Copy nothing but the lines below running from the line containing "Dottie is reported" through the line containing "babycare头等舱婴儿推", both end lines included.
[Opening Dataset entries section]
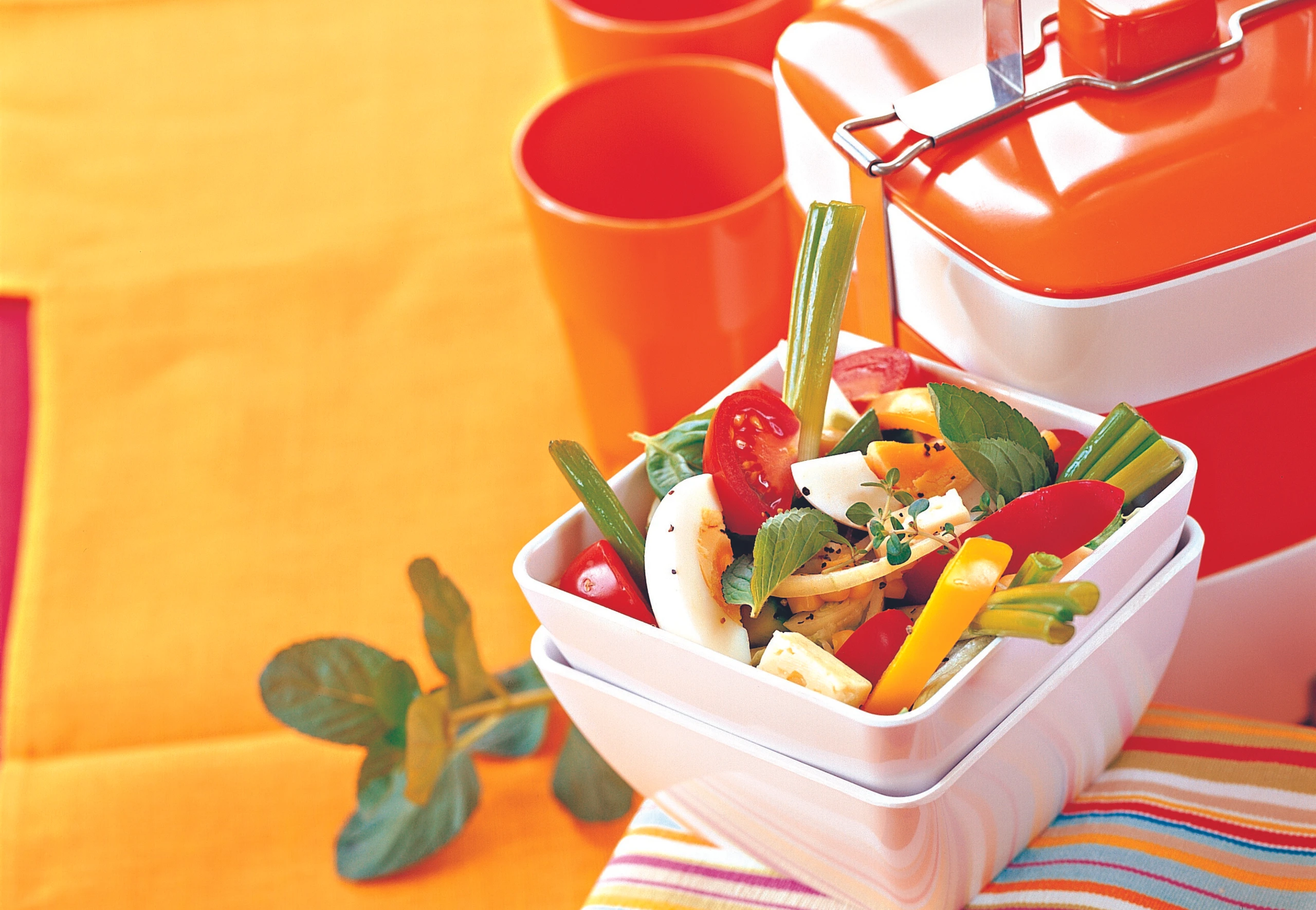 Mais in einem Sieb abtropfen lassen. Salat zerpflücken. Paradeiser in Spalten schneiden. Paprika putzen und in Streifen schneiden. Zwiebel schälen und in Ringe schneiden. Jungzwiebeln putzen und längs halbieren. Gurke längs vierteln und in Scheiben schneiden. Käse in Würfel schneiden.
[Closing Dataset entries section]
[Opening Dataset entries section]
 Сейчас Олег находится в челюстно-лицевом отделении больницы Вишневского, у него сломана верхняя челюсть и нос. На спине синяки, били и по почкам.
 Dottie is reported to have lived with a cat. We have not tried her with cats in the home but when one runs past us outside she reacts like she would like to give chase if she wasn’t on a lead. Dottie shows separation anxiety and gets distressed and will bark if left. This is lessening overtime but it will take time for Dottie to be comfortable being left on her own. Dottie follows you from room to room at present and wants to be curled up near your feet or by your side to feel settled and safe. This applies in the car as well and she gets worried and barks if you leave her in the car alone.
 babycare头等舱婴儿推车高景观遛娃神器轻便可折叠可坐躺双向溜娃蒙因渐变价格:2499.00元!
[Closing Dataset entries section]
[Opening Dataset entries section]
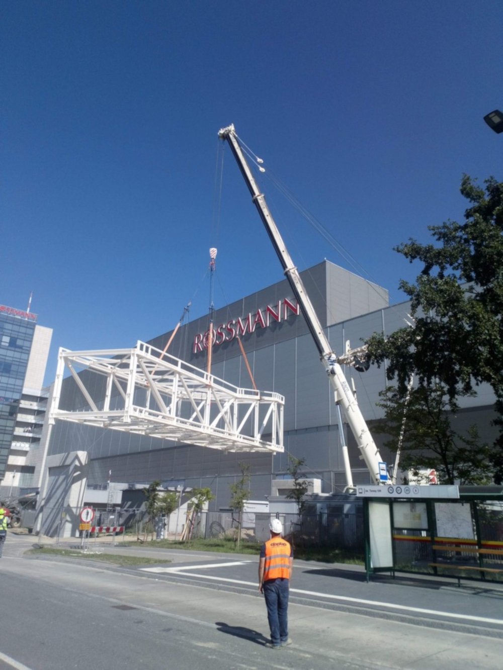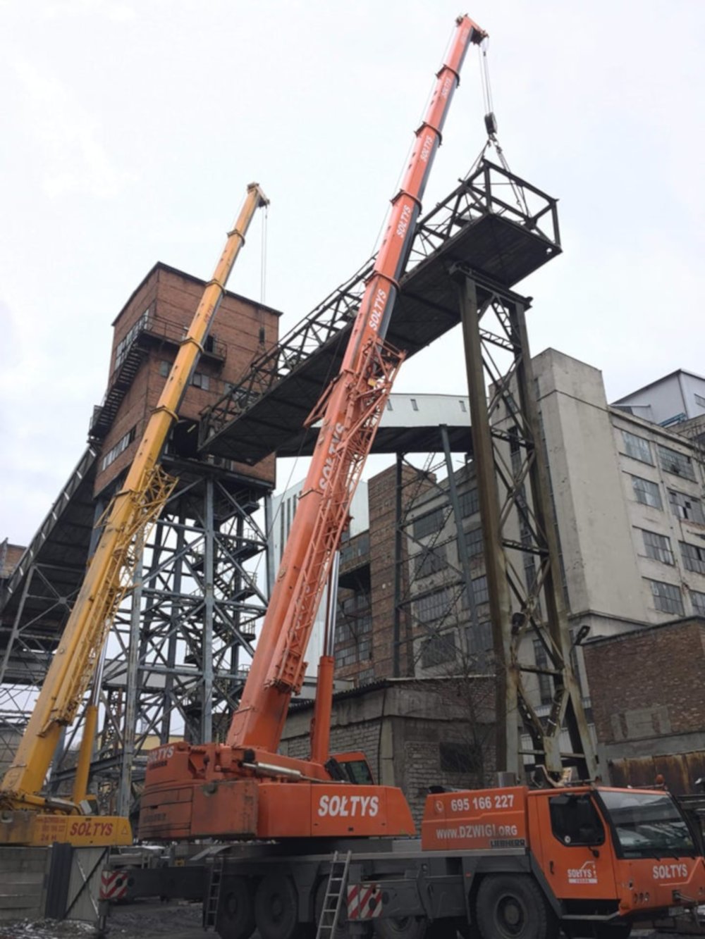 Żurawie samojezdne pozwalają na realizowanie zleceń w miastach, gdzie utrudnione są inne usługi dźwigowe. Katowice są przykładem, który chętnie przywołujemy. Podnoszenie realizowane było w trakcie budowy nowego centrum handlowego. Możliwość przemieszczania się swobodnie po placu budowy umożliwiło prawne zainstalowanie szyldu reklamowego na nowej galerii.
[Closing Dataset entries section]
Problem solution
 Dottie is reported to have lived with a cat. We have not tried her with cats in the home but when one runs past us outside she reacts like she would like to give chase if she wasn’t on a lead. Dottie shows separation anxiety and gets distressed and will bark if left. This is lessening overtime but it will take time for Dottie to be comfortable being left on her own. Dottie follows you from room to room at present and wants to be curled up near your feet or by your side to feel settled and safe. This applies in the car as well and she gets worried and barks if you leave her in the car alone.
 babycare头等舱婴儿推车高景观遛娃神器轻便可折叠可坐躺双向溜娃蒙因渐变价格:2499.00元!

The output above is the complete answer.